◆ **TO DO**
Repeat exactly the line with "Doppio espresso extraído" and each line after it to the end of the data below; pictures stay out.

◆ **AVAILABLE DATA**
::::::

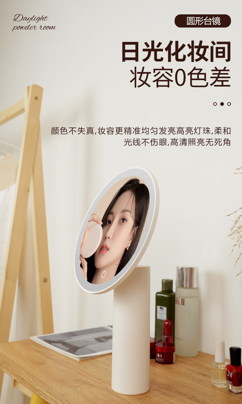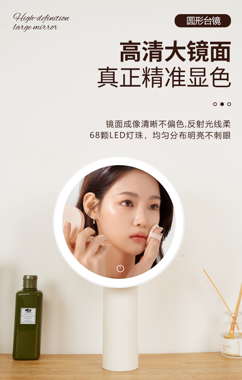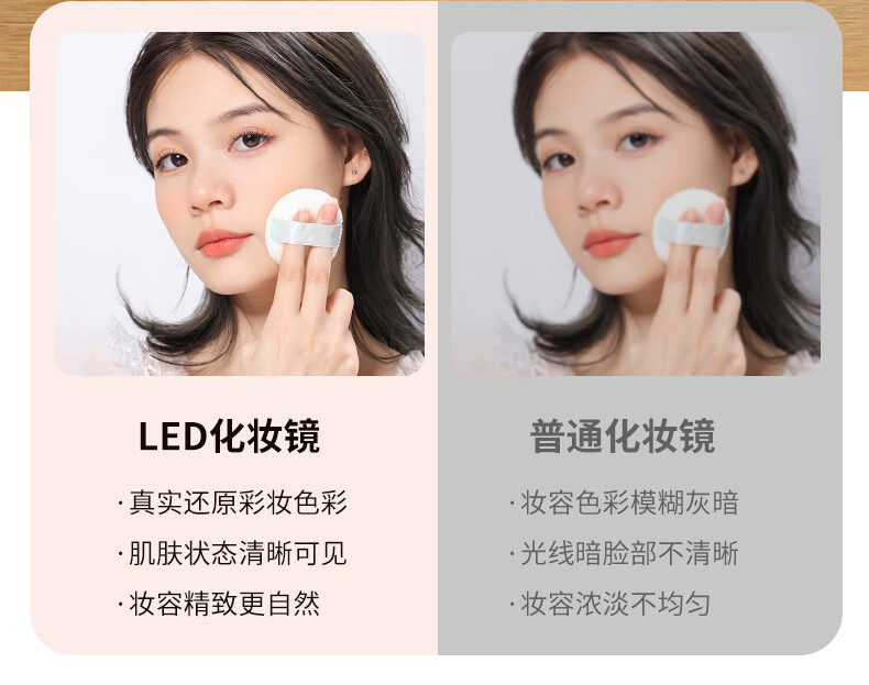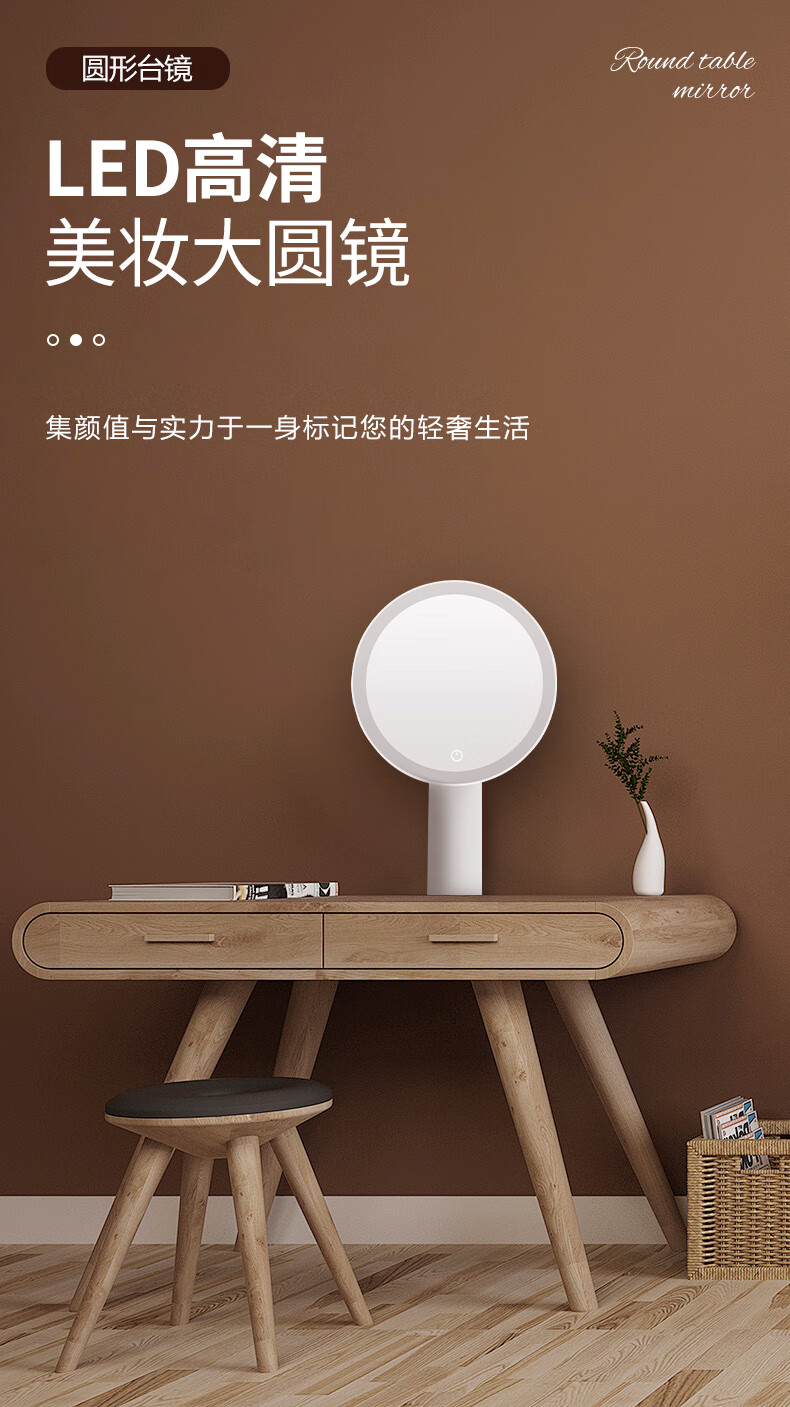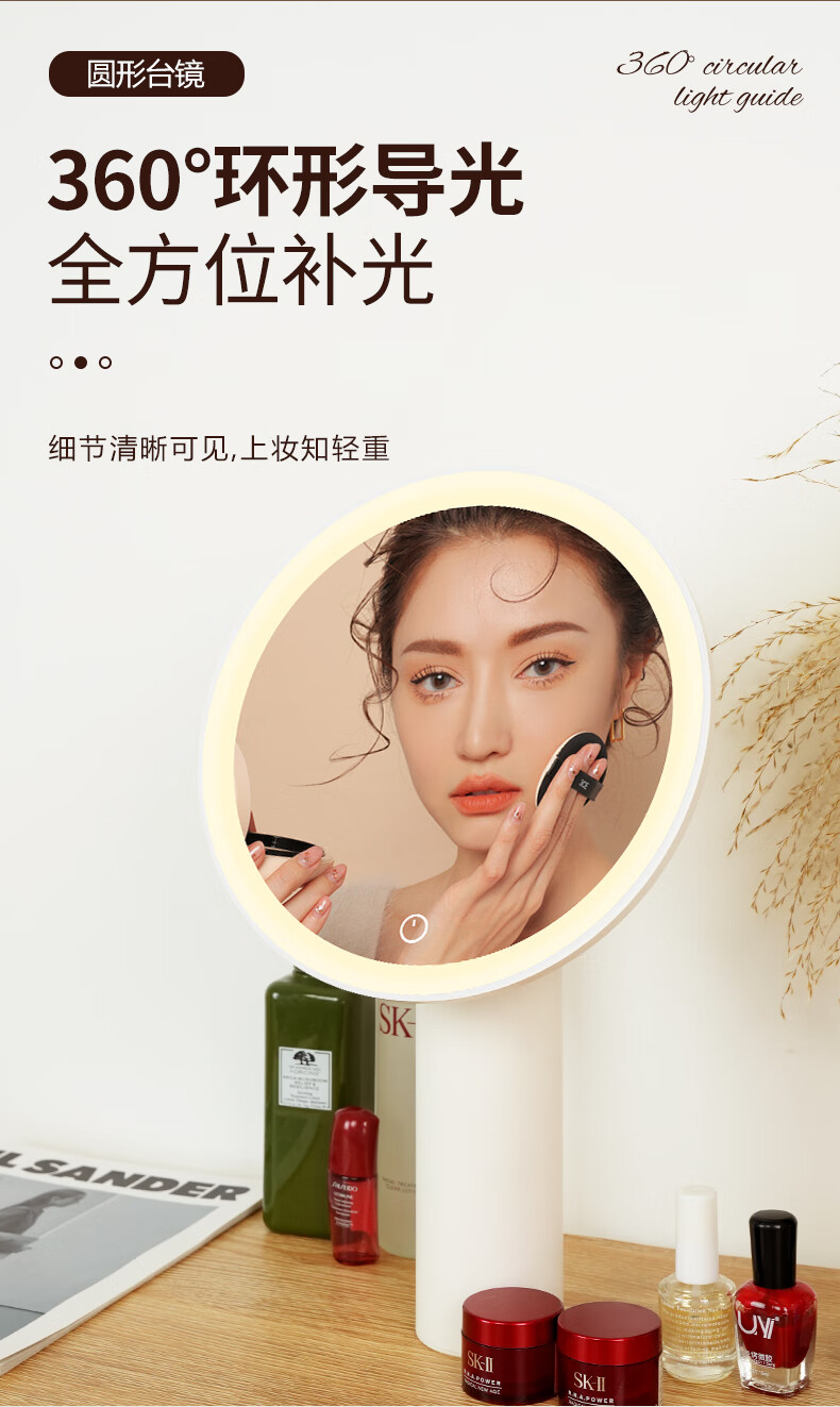 Makeup mirror with light LED smart beauty mirror gift box model Miguang flat desktop desktop high-definition makeup mirror practical gift for girls, friends and wife New Year's Day birthday gift white
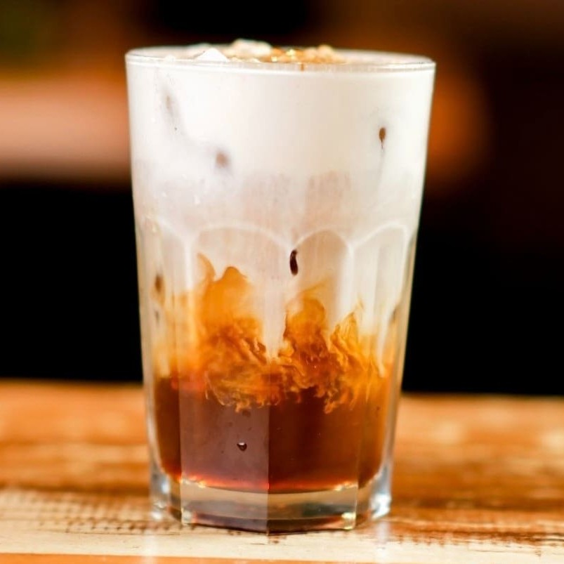 Doppio espresso extraído no gelo harmonizado com caramelo salgado, finalizado com nosso creme a base de chantilly - 420 ml
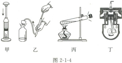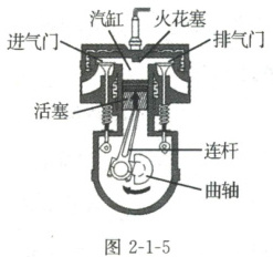 10. 图 2-1-5 是四冲程汽油机的剖面图。下列关于其四个冲程的描述正确的是(

::::::

◆ **SOLVED EXERCISE**
 Doppio espresso extraído no gelo harmonizado com caramelo salgado, finalizado com nosso creme a base de chantilly - 420 ml
 10. 图 2-1-5 是四冲程汽油机的剖面图。下列关于其四个冲程的描述正确的是(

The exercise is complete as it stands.